The Moment You Realize Your Excuses Have Names
The Moment You Realize Your Excuses Have Names
I was sitting in my car in a parking lot last winter. Engine off. Gym bag in the back seat. And I just... sat there. Fifteen minutes. Telling myself I was tired. Telling myself I'd go tomorrow. Telling myself work had been brutal and I deserved a break.
And then something shifted. I heard it — not just the excuse, but the voice behind it. Smooth. Familiar. Reasonable-sounding. The kind of voice that doesn't come at you loud. It comes at you gentle. Logical. Almost kind.
That's when I understood something I hadn't been able to put into words before: my excuses weren't random thoughts. They had a personality. A character. They had a name.
I call him The Rival.
He's not a monster. That's the dangerous part. He doesn't show up snarling. He shows up exhausted, just like you. He knows your schedule. He knows your stress. He knows exactly which excuse will land on which day.
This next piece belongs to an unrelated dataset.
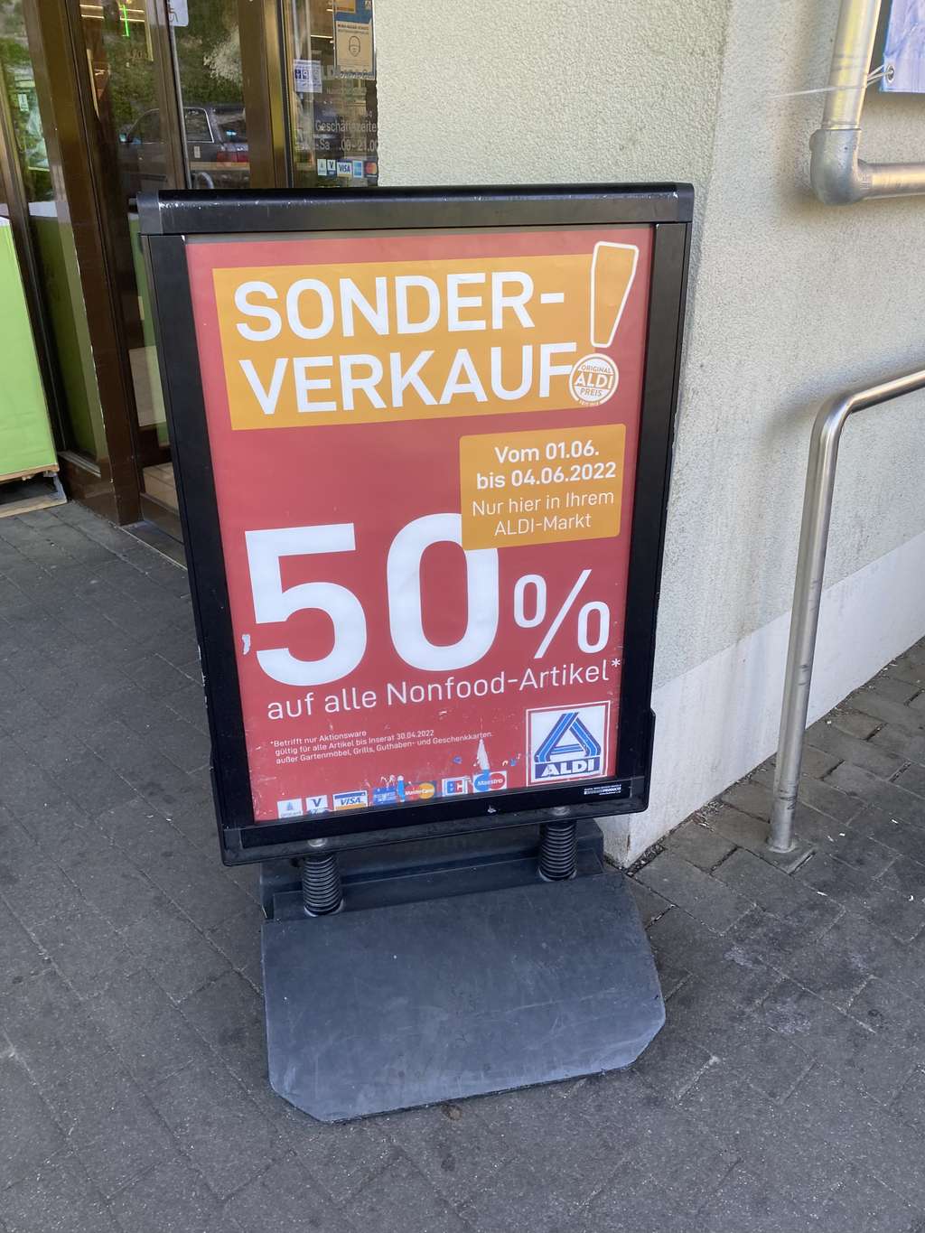 Zur Zeit vom 01.06.22- 04.06.22 gibt es in Dresden und Umgebung in einigen Aldi-Nord  Filialen eine 50% Rabatt-Aktion auf das komplette Nonfood. Auf alle Inserate bis 30.04.22 bekommt man an der Kasse 50% Nachlass.

On Monday it's you need rest, you've earned it. On Wednesday it's one session won't matter. On Friday it's start fresh on Monday.
He is you — the version of you that chose comfort every time the choice was hard. Built, over years, from every skipped session, every postponed decision, every moment you looked at the work and looked away. He is not your enemy from the outside. He grew from the inside.
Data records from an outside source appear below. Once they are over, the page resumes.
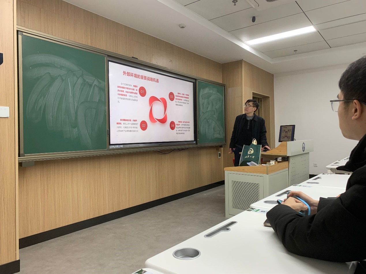 会议开始,宋老师首先提到了刚刚过去的三年疫情。他带领同学们回忆了2020年初疫情肆虐期间医护人员的牺牲和奉献,呼吁我们以平和的心态对待疫情以及之后的一系列疫情带来的挑战。接下来,宋老师分析了后疫情时代下的经济和就业态势。他指出,在三年疫情和中美贸易战的双重影响下,国内经济态势持续低迷。在此情况下,我们既要看到风险,也要看到机遇。风险是外部环境可能带来的,而机遇是国家提供的青年人才的战略机遇。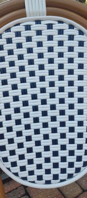 Product Name: Emma & Oliver Colmar Set of Four Indoor/Outdoor Stacking Thonet Bistro Style Chairs with Arms, White & Navy PE Rattan Seat and Nat Bamboo Metal Frame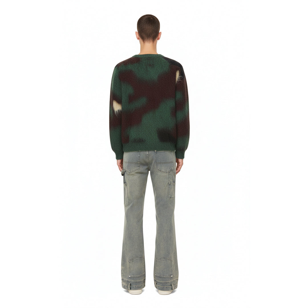 These flared jeans command attention with their unconventional upside-down pockets positioned strategically at the hem, adding unexpected visual interest. The graceful flare creates a stunning elongated profile while the double knee construction stand out from conventional denim offerings.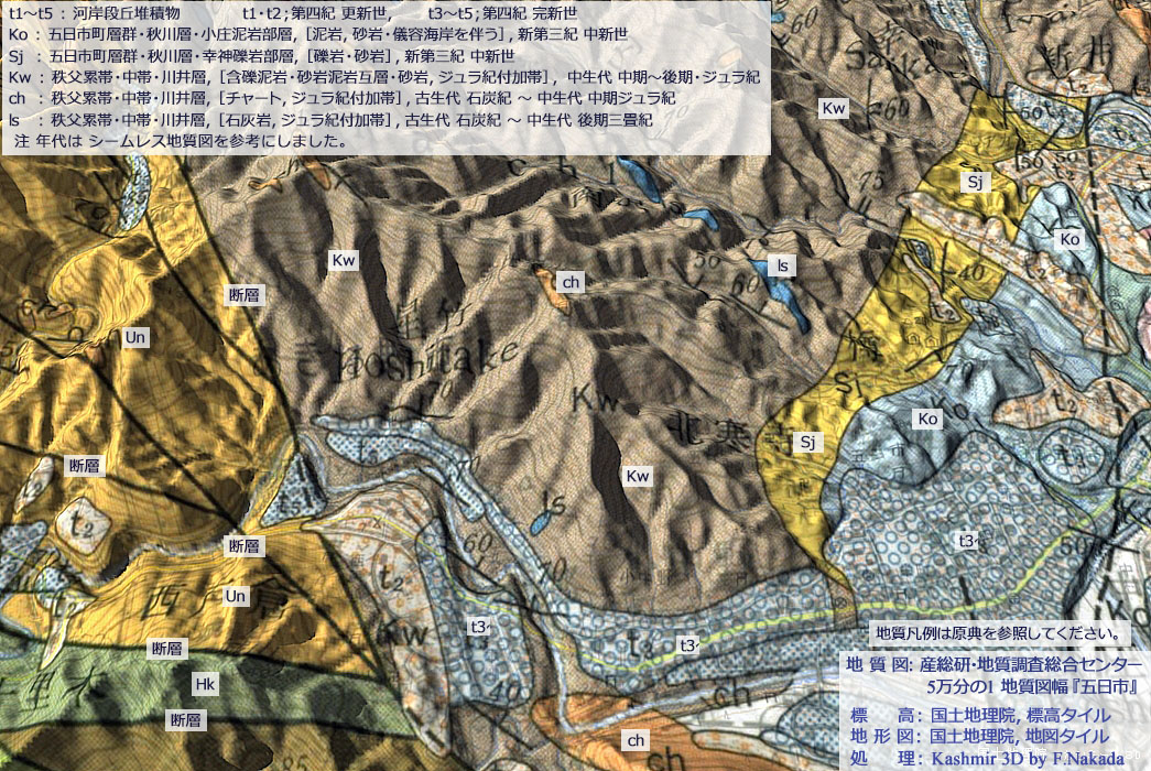 ![]() ![]() 5万分の1地質図幅『五日市』(出典,下記) |

And the most disorienting thing I ever did was name him.
Because once you name something, you can't pretend it's the weather. You can't say I just wasn't feeling it when you know — you know — that's him talking. The Rival doesn't evaporate when you see him clearly. But he loses power. He stops passing as your instincts. He stops sounding like wisdom.
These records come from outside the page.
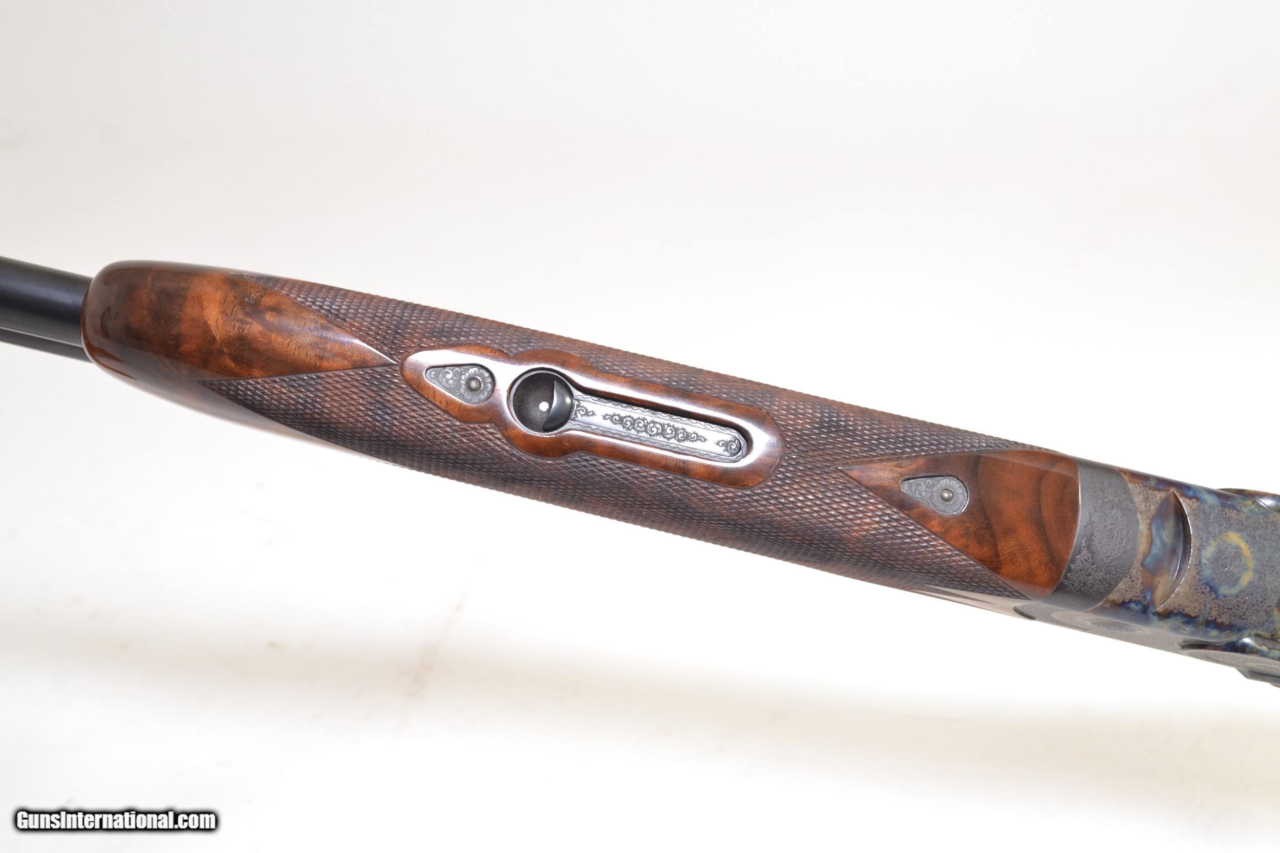 Description: CSMC - A10 - Rose & Scroll, 28ga. 30" Barrels. Screw-in chokes, spectacular 4x Turkish walnut round knob pistol grip stock, hunting forend, single selective trigger, 2 3/4” chambers, automatic ejectors, automatic safety, rubber recoil pad, adjustable trigger, vent rib, full side lock shotgun with hand detachable locks, exceptional full coverage rose & scroll engraving over traditional bone and charcoal case coloring, available for immediate delivery. Inv: 36026 6 lbs. 5 oz. 14 5/8” x 1 ½” x 2 1/4” $20,450.00 SOLD |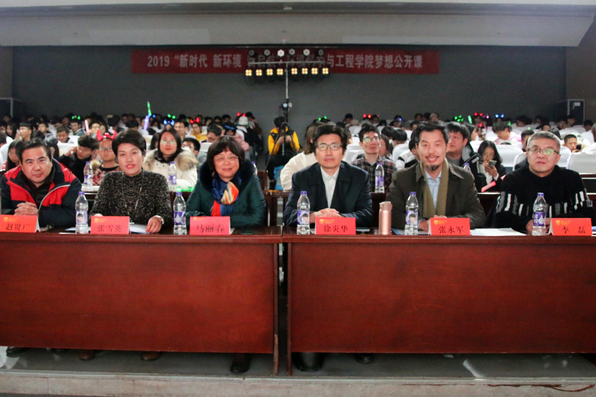 11月27日晚,金沙js4399首页庆祝新中国成立70周年暨“新时代,新环境,新启航”梦想公开课在逸夫图书馆一楼报告厅成功举办。学院党委书记马丽春,院长徐炎华,副院长张雪英,副院长张永军及教职工代表与2019级新生共同参加。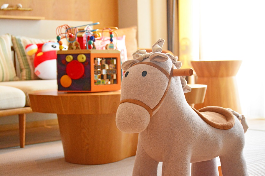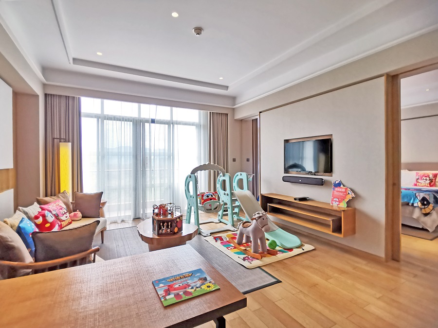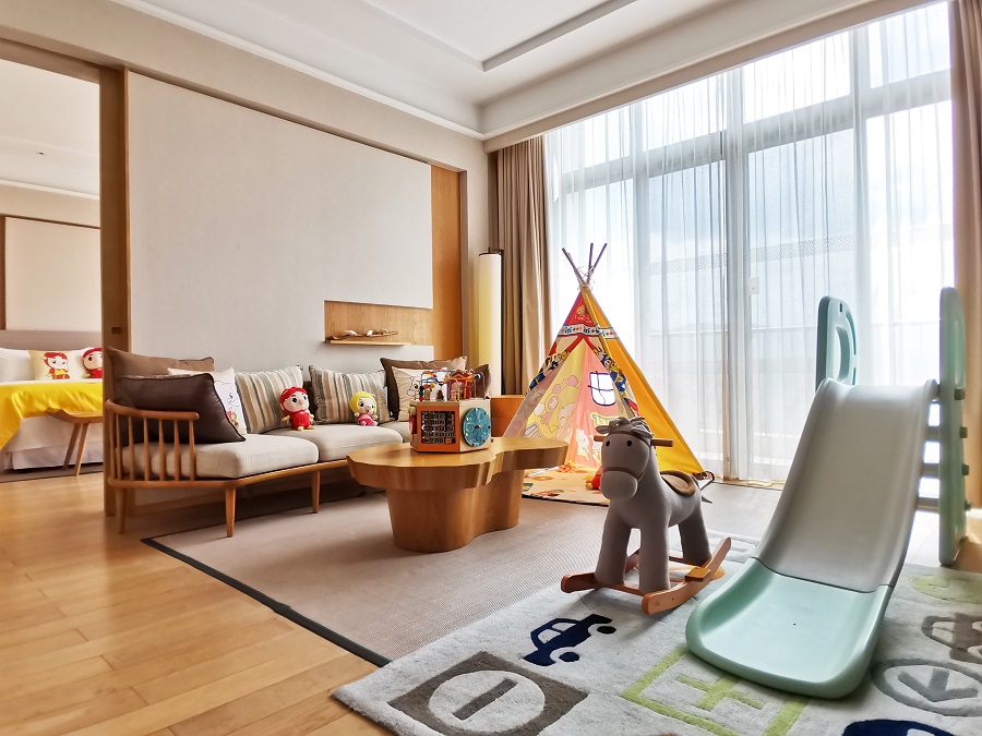 贴心房间布置,让猪猪侠/超级飞侠和萌宝一起安心度假。这里有陪小宝宝玩可爱小木马、滑滑梯、猪猪侠小公仔等各种亲子互动玩具,增进亲子情感。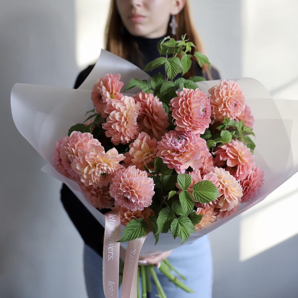 - цветом лент и зеленью. Флорист подберет ленты и зелень, которые лучше всего сочетаются именно с вашим букетом. Если у вас есть пожелания на этот счет, мы учтем их.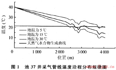 圖1為池37井在井口溫度為40℃時(shí),不同地溫下的沿程溫度分布及天然氣水合物生成曲線圖。從圖上可以看到管線高程對(duì)管線沿線壓力、溫度影響非常大,而且隨著管線位置變化,壓力的變化引起各點(diǎn)的天然氣水合物生成溫度也發(fā)生了變化。管線進(jìn)站溫度最低,并不是在此處形成的天然氣水合物溫度最低,因此進(jìn)行管線設(shè)計(jì)時(shí)要綜合考慮預(yù)測(cè)天然氣水合物形成溫度,不能僅以終點(diǎn)不形成天然氣水合物,就認(rèn)為管線沿程都不生成天然氣水合物。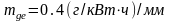 - максимальная эффективная мощность двигателя (кВт) и максимальный удельный эффективный расход топлива (г/(кВт∙ч)) при частоте вращения коленчатого вала

That day in the parking lot, I grabbed my bag. Not because I felt motivated. I felt terrible. I grabbed it because I recognized whose voice was telling me not to. And I refused to let him win a Tuesday.
That's the whole thing, really. It's not about massive transformations or dramatic turning points. It's about a Tuesday in a parking lot where you catch the voice, call it by name, and walk into the gym anyway. It's about doing that enough times that the discipline isn't a decision anymore — it's just who you are.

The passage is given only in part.